- **TASK GOAL**: What should be copied is the stretch of entries below from the line with "Finally, I would" up to and including the line with "ターコイズカラーが眩しいワンピースにラフィアのお帽子。", exactly and without images.

(Records from a collection)
--
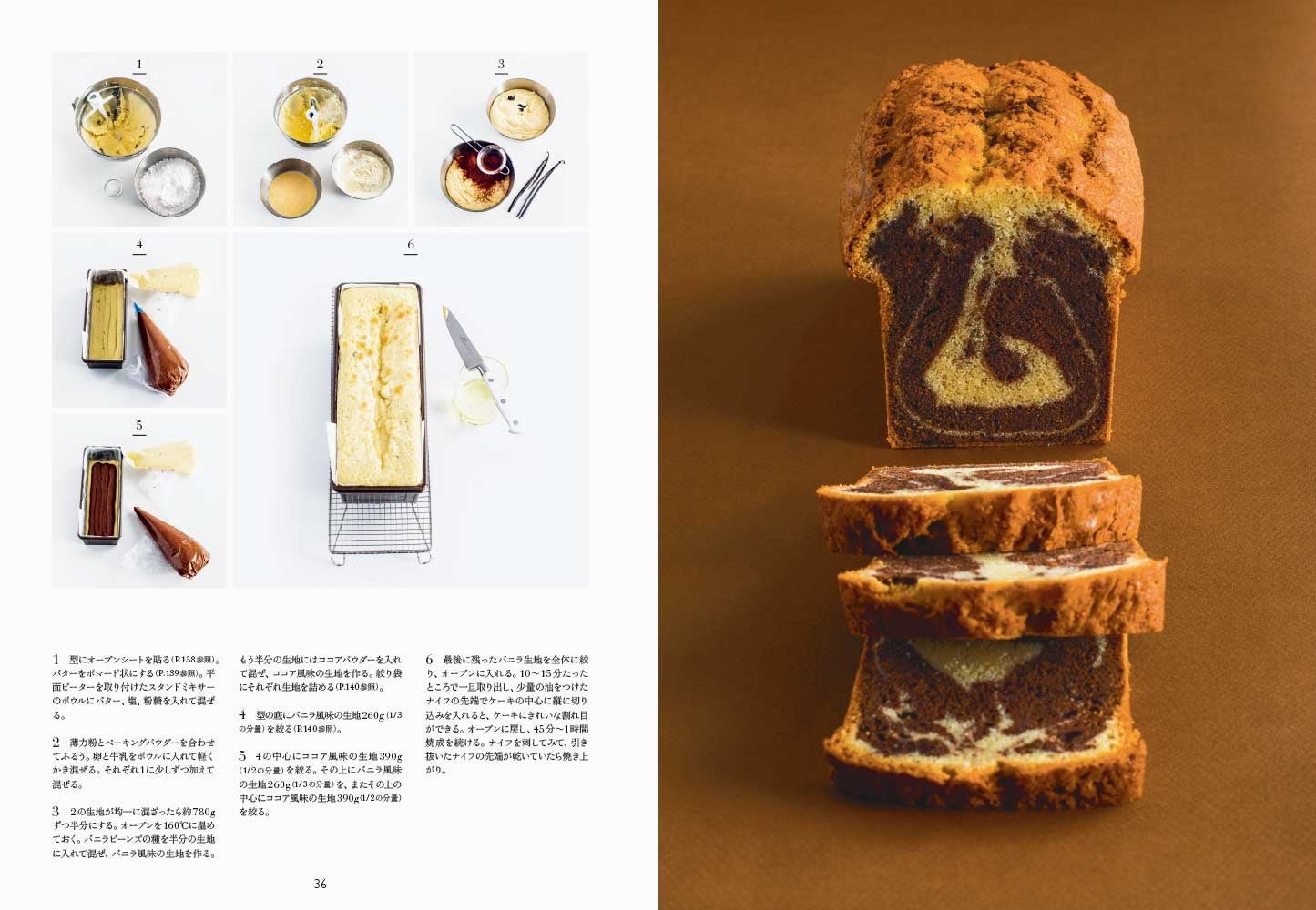 ケーク・オ・ショコラ・エ・ジャンドゥーヤ(ジャンドゥーヤを上がけしたチョコレートパウンドケーキ)/ケーク・マルブレ(マーブルパウンドケーキ)/ケーク・オー・ポワール(洋ナシのパウンドケーキ)/ケーク・シトロン・エ・パヴォ(レモンとポピーシードのケーキ)/キャロット・ケーキ/ケーク・オー・フリュイ・コンフィ(フルーツパウンドケーキ)/ケーク・ロシェ(アーモンドダイス入りチョコレートの上がけをしたパウンドケーキ)/キャトルカール(バニラのパウンドケーキ)/パン・デピス(スパイスのパウンドケーキ)/ケーク・ア・ラ・バナーヌ(バナナのパウンドケーキ)
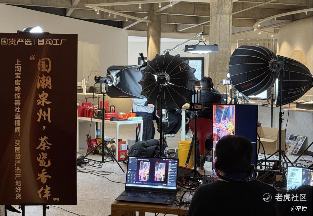 穿越进镜头内,我们在现场看到,直播正在福建泉州德化县龙鹏艺术馆进行,这是当地有名的陶瓷艺术馆。
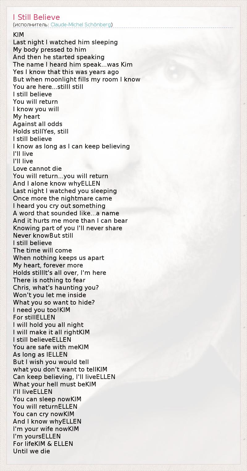 А как ты думаешь, о чем песня "I Still Believe" ?
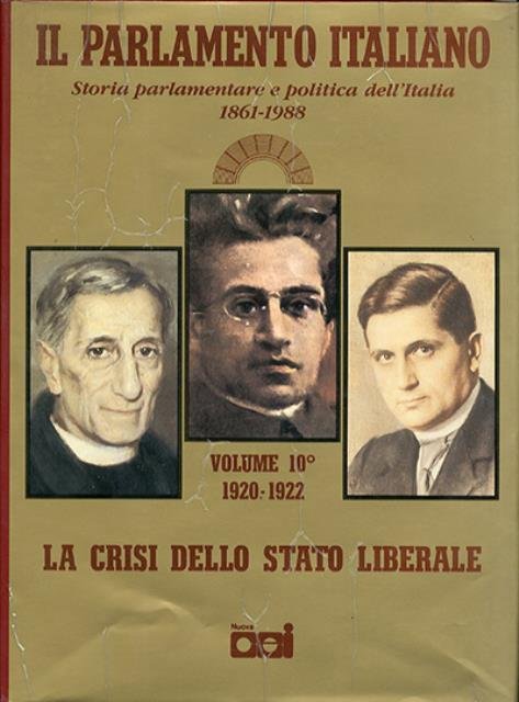 XIX, 456 p. : ill. ; 31 x 23 cm. Sommario: Cronologia storico-parlamentare 1920-1922; La crisi dello stato liberale; Il "biennio rosso" e il dibattito interno al movimento operaio; I governi Nitti e Giolitti; I popolari tra collaborazione e opposizione: La crisi del Parlamento e l'avvento del fascismo. I protagonisti del Parlamento: Luigi Sturzo; Antonio Gramsci; Giacinto Menotti Serrati; Giuseppe Micheli; Luigi Federzoni; Luigi Facta; Giovanni Amendola; Giulio Alessio. Bibliografia; Gli autori del decimo volume; Elenco dei senatori e deputati della XXVI Legislatura; Indice dei nomi e dei luoghi; Indice iconografico. Contiene due schede biografiche su Francesco Saverio Merlino e Errico Malatesta. Legatura editoriale, coperta in cartone rigido foderato di similpelle di colore rosso scuro (bordò), titolo impresso in oro al piatto e al dorso. Sovraccoperta illustrata a colori in carta patinata lucida. All'interno numerose illustrazioni a colori su carta patinata. Codice libreria 6032.
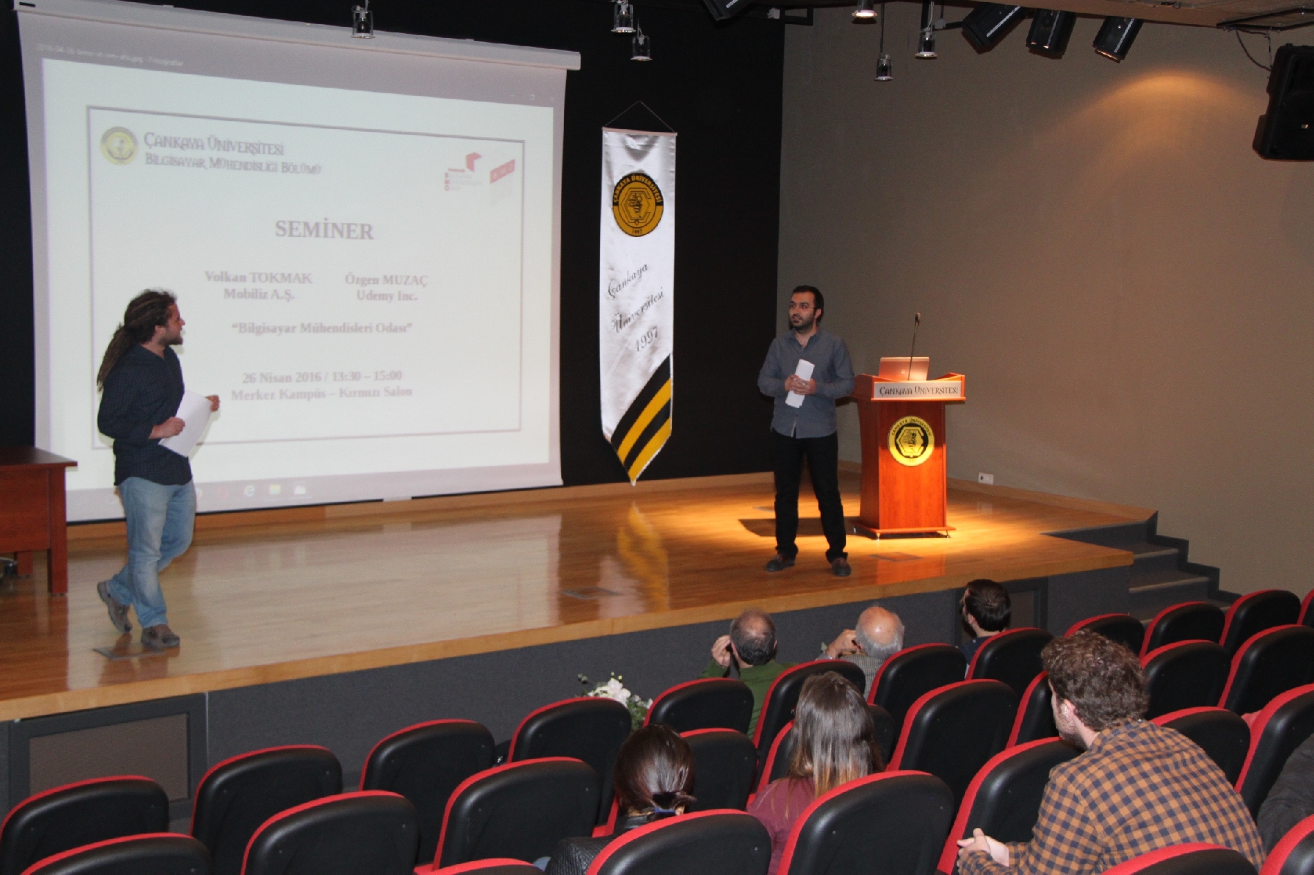 26 Nisan 2016 Salı günü, Çankaya Üniversitesi’nde Oda ve meslek tanıtım sunumu gerçekleştirildi. BMO Yönetim Kurulu Üyesi Özgen Muzaç ve Yönetim Kurulu Yedek Üyesi Volkan Tokmak’ın konuşmacı olduğu etkinlikte, mühendislik, meslek hayatı ve meslek odası hakkında bilgilendirme yapıldı. Bölüm başkanı Prof. Dr. Müslim BOZYİĞİT’in de söz alarak, meslek odasının önemi hakkında bilgi verdiği oturuma, öğrencilerin yanı sıra Yrd. Doç. Dr. Abdül Kadir GÖRÜR ve Uzman Efe ÇİFTÇİ de katıldı.
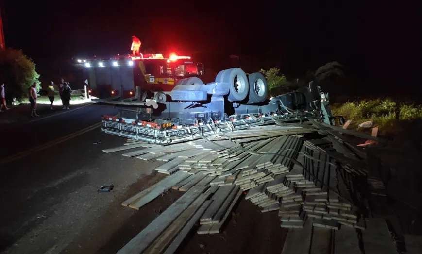 No local, o Corpo de Bombeiros confirmou que se tratava de um caminhão Ford Cargo que transportava carga de madeira e encontrava-se totalmente capotado.
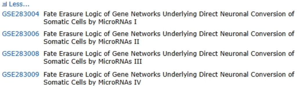 Finally, I would like to introduce the concept of “SubSeries” and “SuperSeries”. In many complex biomedical studies, researchers will perform many RNA-seq experiments. If the dataset is big, it may be a good idea to split data into multiple datasets according to experimental conditions (“SubSeries”), and group them together under a GEO “SuperSeries”. For example, our previous dataset GSE283004 is a “SubSeries” of a SuperSeries GSE283010. This SuperSeries GSE283010 includes metadata of a big research study with 66 biological samples, but itself does not contain any processed data files. Instead, the processed data files in this study are submitted into four Subseries under this SuperSeries: GSE283004, GSE283006, GSE283008 and GSE283009 (Figure 8). Each SubSeries contains data for a separate section of the primary publication. Although in this example, researchers only submitted study-level processed data files, it is possible to submit sample-level processed data files in each SubSeries.
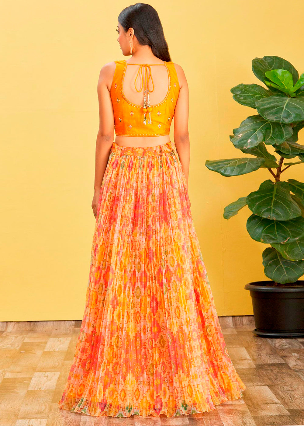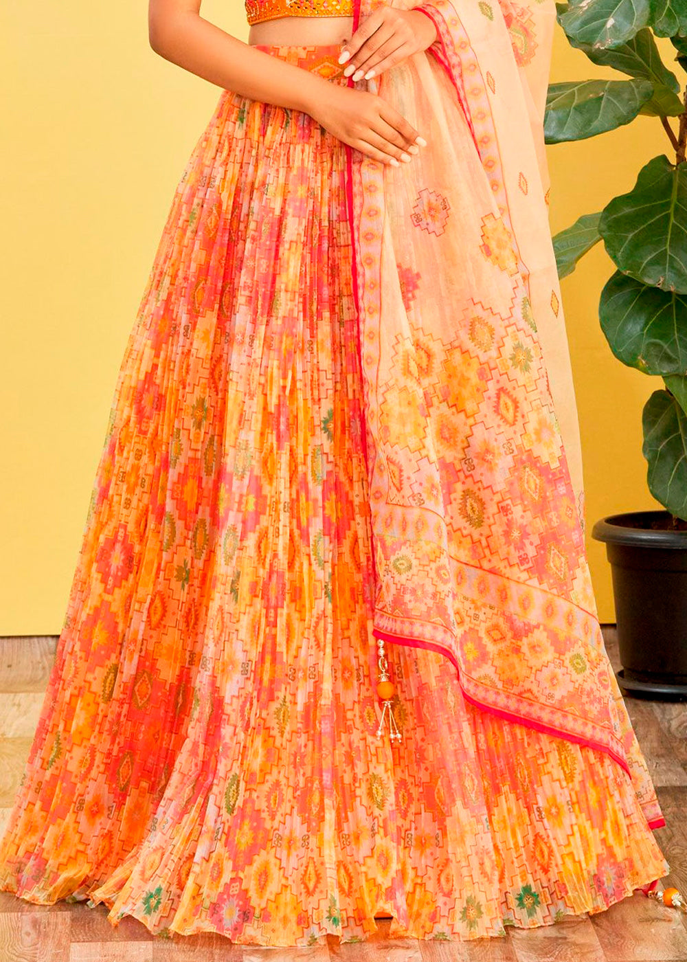 Tailored to perfection and basking in the radiance of Yellow hues, this beautiful Digital Printed Organza Lehenga is a true splendour. Interwoven with contemporary threads and delightful zari work, this drape is a perfect set to accentuate the gentler and softer side of you. Glittering sequins work enriches its allure even more.
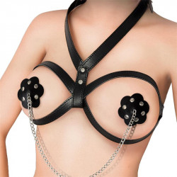 Pezoneras en forma de flor con cadena y detalles de tachuelas, ideales para juegos sensuales y atrevidos.
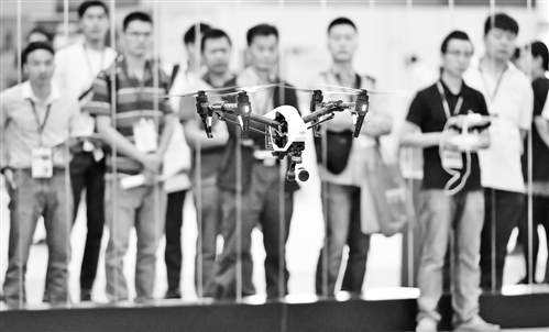4月8日,观众在博览会上观赏“大疆”无人机的现场演示。当日,第四届中国电子信息博览会在深圳开幕。该博览会由工业和信息化部、深圳市政府联合主办,是目前亚洲规模最大的电子信息综合性博览会。本届博览会吸引了来自世界各国的超过1700家行业领军企业参展,同期举办100余场研讨活动,重点发布超过3000件新产品、新技术。
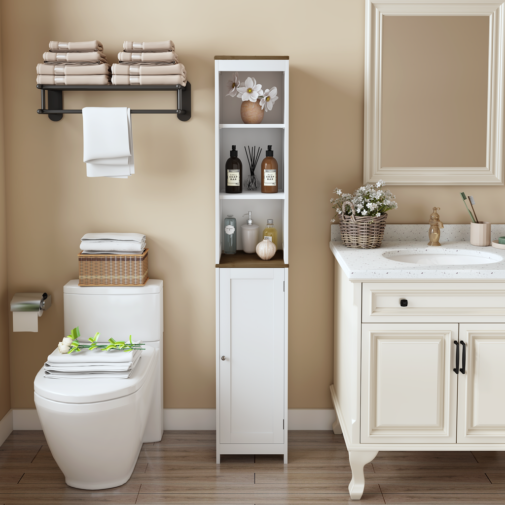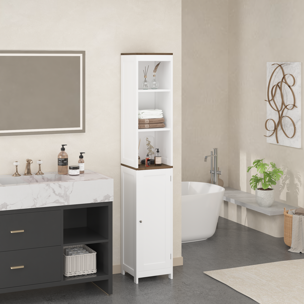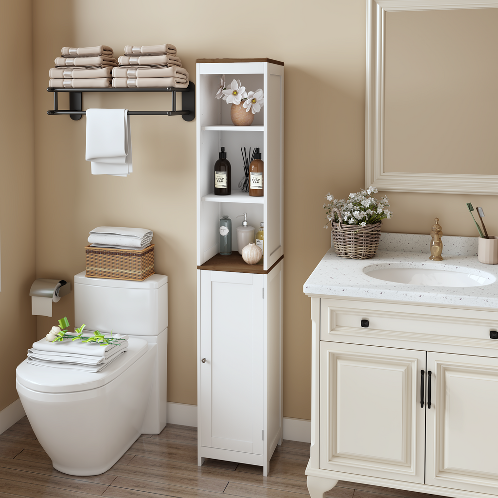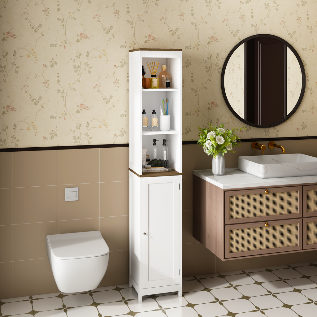 Tall Bathroom Storage Cabinet with Reversible Door, Freestanding Linen Tower with Open Shelves and Enclosed Cabinet, Narrow Floor Cabinet Organizer for Bathroom, Laundry Room or Small Spaces – White
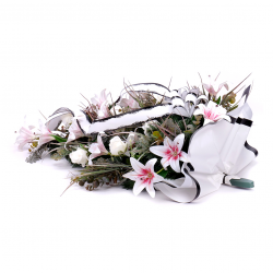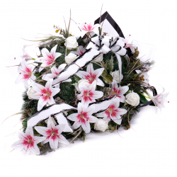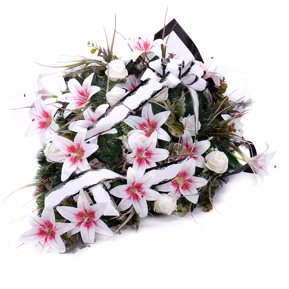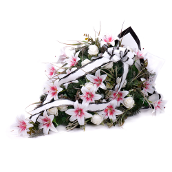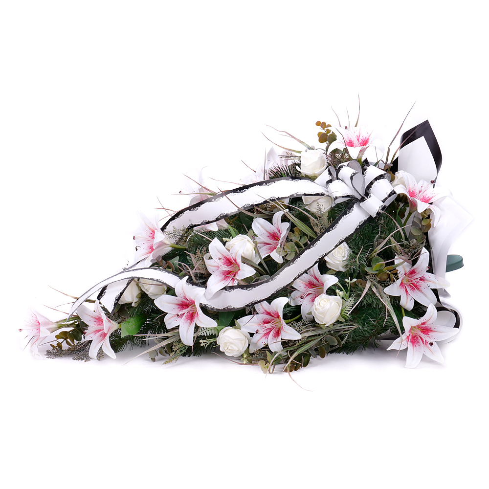 Smútočná kytica z umelej čačiny, ľalií a ruží jemnej bielo - ružovej farby. Aranžmán je doplnený o smútočný papier a stuhu.
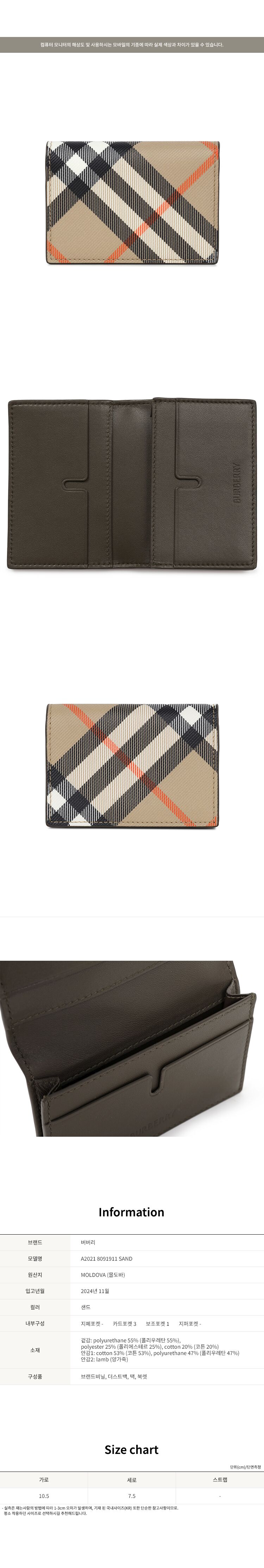 [명품] 25SS 버버리 샌드 체크 카드 지갑 8091911 SAND
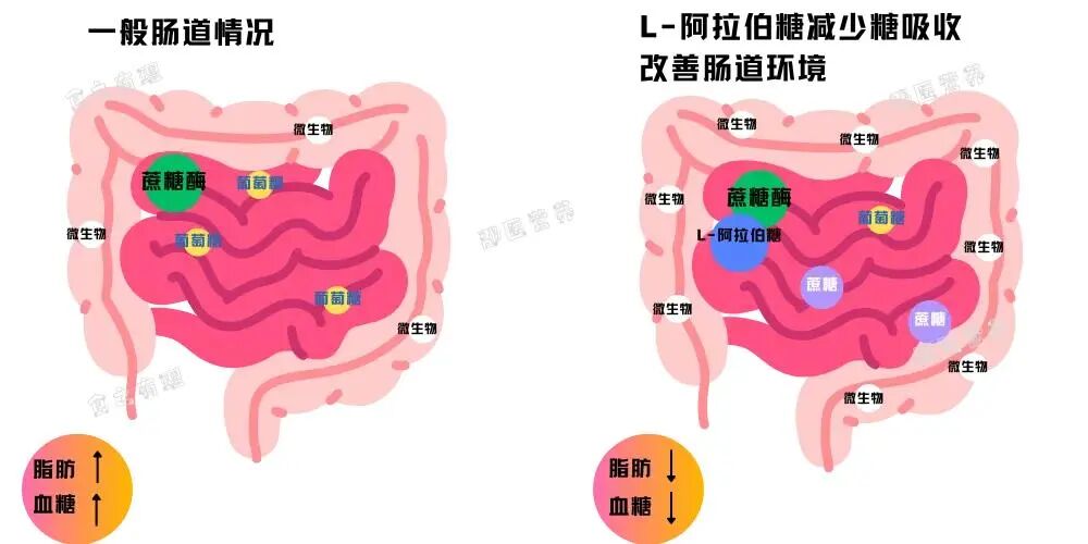 而L-阿拉伯糖恰恰具有抑制蔗糖酶作用,减少糖类吸收,减轻代谢负担,进而稳定血糖、控制体重。
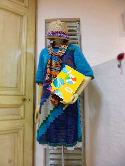 ターコイズカラーが眩しいワンピースにラフィアのお帽子。
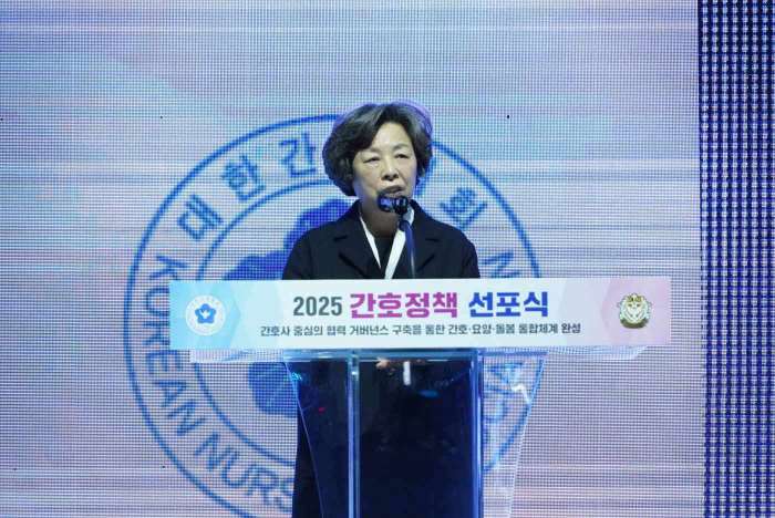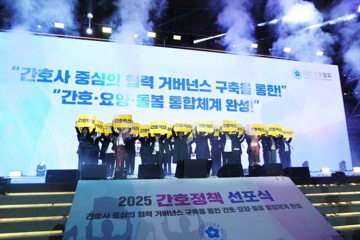 ½Å ȸÀåÀº ¡°À̹ø °£È£Á¤Ã¥ ¼±Æ÷½ÄÀº °£È£°è¸¸ÀÇ Çà»ç°¡ ¾Æ´Ï¶ó ´ëÇѹα¹ÀÇ Áö¼Ó°¡´ÉÇÑ µ¹º½ ¹Ì·¡¸¦ ÇÔ²² ¸¸µé¾î°¡´Â Ãâ¹ßÁ¡¡±À̶ó¸ç ¡°°£È£°è´Â Á¤ºÎ¡¤±¹È¸¡¤ÁöÀÚü¡¤ÀǷᡤ¿ä¾ç±â°ü°ú Çù·ÂÇØ ´ëÇѹα¹Çü ÅëÇÕ µ¹º½ ¸ðµ¨À» ½ÇÇöÇØ ³ª°¡°Ú´Ù¡±°í ¸»Çß´Ù.
--
- **ANSWER SPACE**:
 Finally, I would like to introduce the concept of “SubSeries” and “SuperSeries”. In many complex biomedical studies, researchers will perform many RNA-seq experiments. If the dataset is big, it may be a good idea to split data into multiple datasets according to experimental conditions (“SubSeries”), and group them together under a GEO “SuperSeries”. For example, our previous dataset GSE283004 is a “SubSeries” of a SuperSeries GSE283010. This SuperSeries GSE283010 includes metadata of a big research study with 66 biological samples, but itself does not contain any processed data files. Instead, the processed data files in this study are submitted into four Subseries under this SuperSeries: GSE283004, GSE283006, GSE283008 and GSE283009 (Figure 8). Each SubSeries contains data for a separate section of the primary publication. Although in this example, researchers only submitted study-level processed data files, it is possible to submit sample-level processed data files in each SubSeries.
 Tailored to perfection and basking in the radiance of Yellow hues, this beautiful Digital Printed Organza Lehenga is a true splendour. Interwoven with contemporary threads and delightful zari work, this drape is a perfect set to accentuate the gentler and softer side of you. Glittering sequins work enriches its allure even more.
 Pezoneras en forma de flor con cadena y detalles de tachuelas, ideales para juegos sensuales y atrevidos.
4月8日,观众在博览会上观赏“大疆”无人机的现场演示。当日,第四届中国电子信息博览会在深圳开幕。该博览会由工业和信息化部、深圳市政府联合主办,是目前亚洲规模最大的电子信息综合性博览会。本届博览会吸引了来自世界各国的超过1700家行业领军企业参展,同期举办100余场研讨活动,重点发布超过3000件新产品、新技术。
 Tall Bathroom Storage Cabinet with Reversible Door, Freestanding Linen Tower with Open Shelves and Enclosed Cabinet, Narrow Floor Cabinet Organizer for Bathroom, Laundry Room or Small Spaces – White
 Smútočná kytica z umelej čačiny, ľalií a ruží jemnej bielo - ružovej farby. Aranžmán je doplnený o smútočný papier a stuhu.
 [명품] 25SS 버버리 샌드 체크 카드 지갑 8091911 SAND
 而L-阿拉伯糖恰恰具有抑制蔗糖酶作用,减少糖类吸收,减轻代谢负担,进而稳定血糖、控制体重。
 ターコイズカラーが眩しいワンピースにラフィアのお帽子。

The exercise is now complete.